The Offering was completed by a syndicate of agents led by Canaccord Genuity Corp. (“Canaccord”) and including Dundee Goodman Merchant Partners, a division of Goodman & Company, Investment Counsel Inc., Sprott Capital Partners LP and iA Private Wealth Inc. (collectively, the “Agents”). In connection with the closing of the Offering, the Company paid to the Agents a cash fee of 6% of the aggregate gross proceeds raised pursuant to the Offering and has issued to the Agents an aggregate of 2,310,000 non-transferable compensation warrants (“Compensation Warrants”), with each Compensation Warrant being exercisable into one Common Share at a price of $0.1794 per Common Share until March 22, 2023.
An amount equal to the gross proceeds from the sale of the FT Shares will be used to incur "qualifying expenditures" (as defined in the Income Tax Act (Canada)) on the Company's mineral properties in Newfoundland and Labrador.

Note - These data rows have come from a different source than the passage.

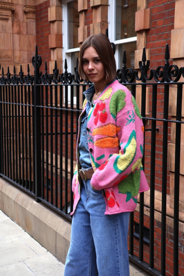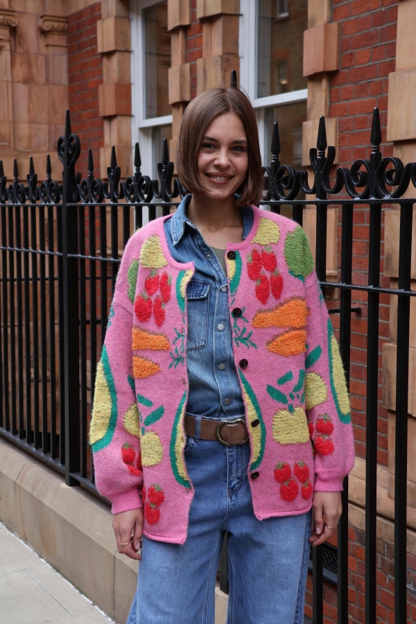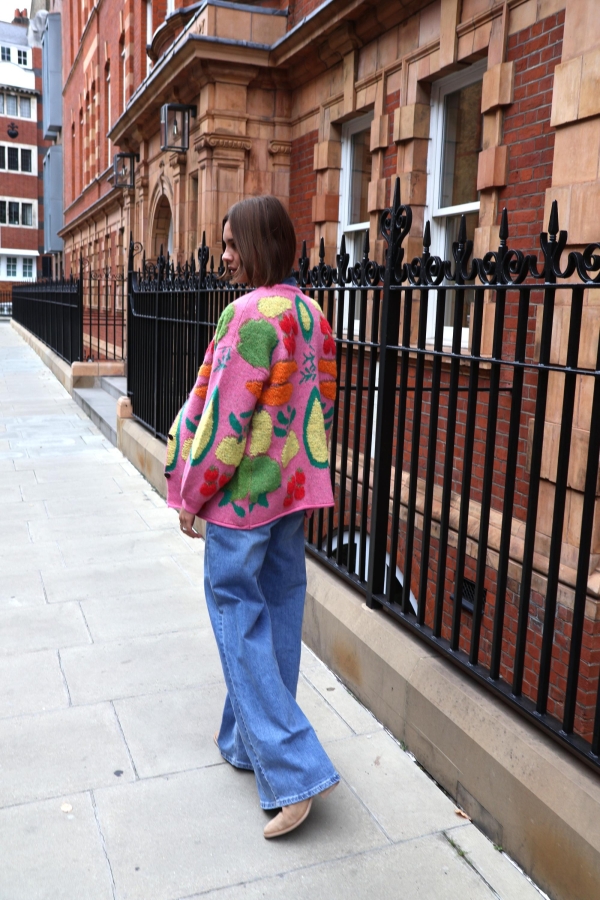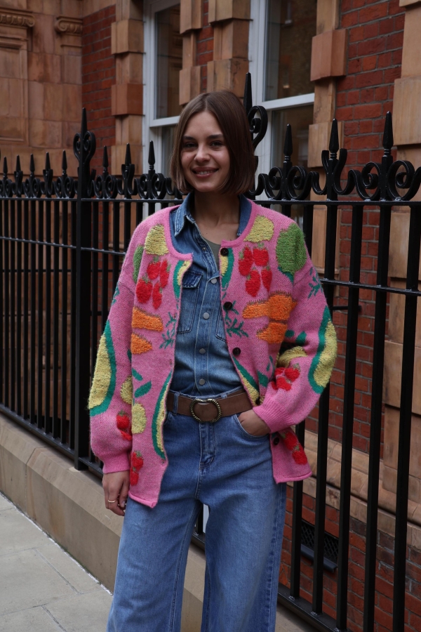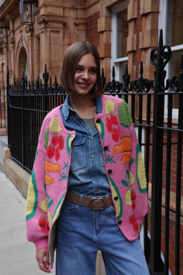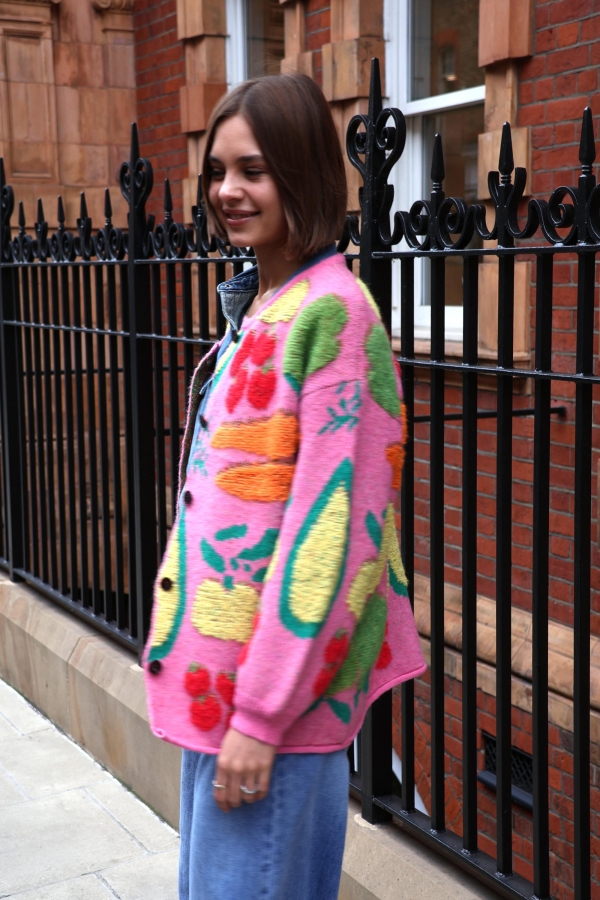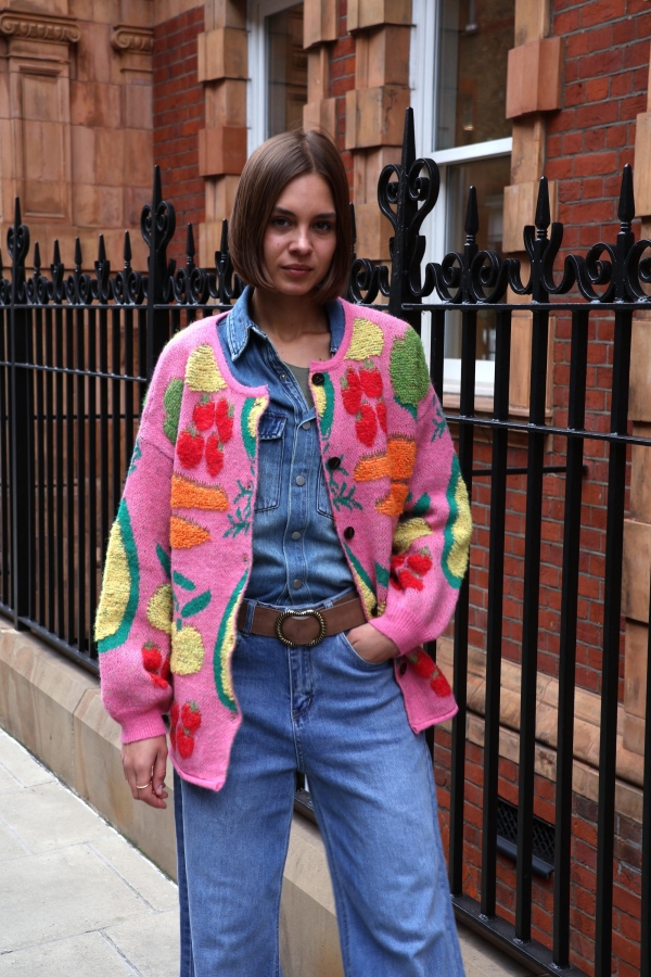 Stella cardigan is jacquard-knitted with colourful flowers and geometric shapes that give it an instantly bohemian feel. It’s made from a soft, cosy blend of acrylic. It’s designed for a loose fit . Slip it on over a tank and leave it undone at the hem for a laid-back take. It has a loose silhouette that’s perfect for layering. The spring hue will coordinate well with denim and floral-print dresses alike.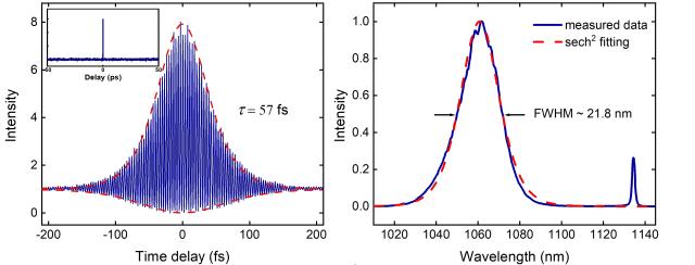 图1 激光器实验装置、脉冲自相关曲线和输出光谱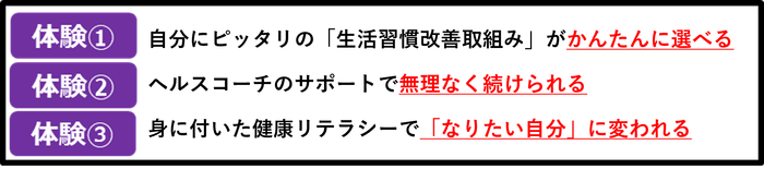 体験① 自分にピッタリの「生活習慣改善取組み」がかんたんに選べる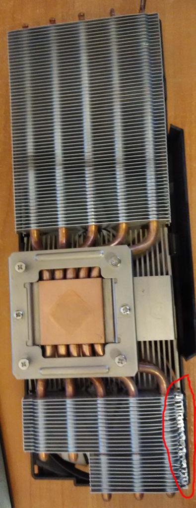 Продам охлаждение (cooler) для Radeon 5870, есть коробка, но нет всех радиаторов (а именно есть только 5 или 6 штук от памяти). Подрезаны ребра, хз зачем, отмечено красным кружком. Как говорится as is.

The securities issued in connection with the Offering are subject to a standard four month and one day hold period expiring July 23, 2021. Completion of the Offering is subject to final acceptance by the TSX Venture Exchange (the “Exchange”).
This news release does not constitute an offer to sell or a solicitation of an offer to buy any of the securities in the United States of America. The securities have not been and will not be registered under the United States Securities Act of 1933 (the "1933 Act") or any state securities laws and may not be offered or sold within the United States or to U.S. Persons (as defined in the 1933 Act) unless registered under the 1933 Act and applicable state securities laws, or an exemption from such registration is available.
About Maritime Resources Corp.:
Maritime holds a 100% interest, directly and subject to option agreements entitling it to earn 100% ownership, in the Green Bay Property, including the former Hammerdown gold mine and the Orion gold project plus the Whisker Valley exploration project, all located in the Baie Verte Mining District and the town of King’s Point, Newfoundland and Labrador. The Hammerdown Gold Project is characterized by near-vertical, narrow mesothermal quartz veins containing gold associated with pyrite. Hammerdown was last operated by Richmont Mines between 2000-2004.
On Behalf of the Board
MARITIME RESOURCES CORP.
1900-110 Yonge St., Toronto, ON M5C 1T4
For further information, please contact:
President and CEO
Caution Regarding Forward Looking Statements:
Certain of the statements made and information contained herein is “forward-looking information” within the meaning of National Instrument 51-102, Continuous Disclosure Obligations of the Canadian Securities Administrators. These statements and information are based on facts currently available to the Company and there is no assurance that actual results will meet management's expectations. Forward-looking statements and information may be identified by such terms as "anticipates", "believes", "targets", "estimates", "plans", "expects", "may", "will", "could" or "would". This includes the use of proceeds of the Offering, our expectations and assumptions that we will expend sufficient Qualifying Expenditures and within the permitted period, receipt of all regulatory approvals for the Offering including from the Exchange. While the Company considers its assumptions to be reasonable as of the date hereof, forward-looking statements and information are not guarantees of future performance and readers should not place undue importance on such statements as actual events and results may differ materially from those described herein. There can be no assurance that such information will prove to be accurate, as actual results and future events could differ materially from those anticipated in such information. Accordingly, readers should not place undue reliance on forward-looking information. All forward-looking information contained in this press release is given as of the date hereof, and is based on the opinions and estimates of management and information available to management as of the date hereof. The Company disclaims any intention or obligation to update or revise any forward-looking information, whether as a result of new information, future events, or otherwise, except as may be required by applicable securities laws.
Neither Exchange nor its Regulation Services Provider (as that term is defined in the policies of the Exchange) accepts responsibility for the adequacy or accuracy of this release.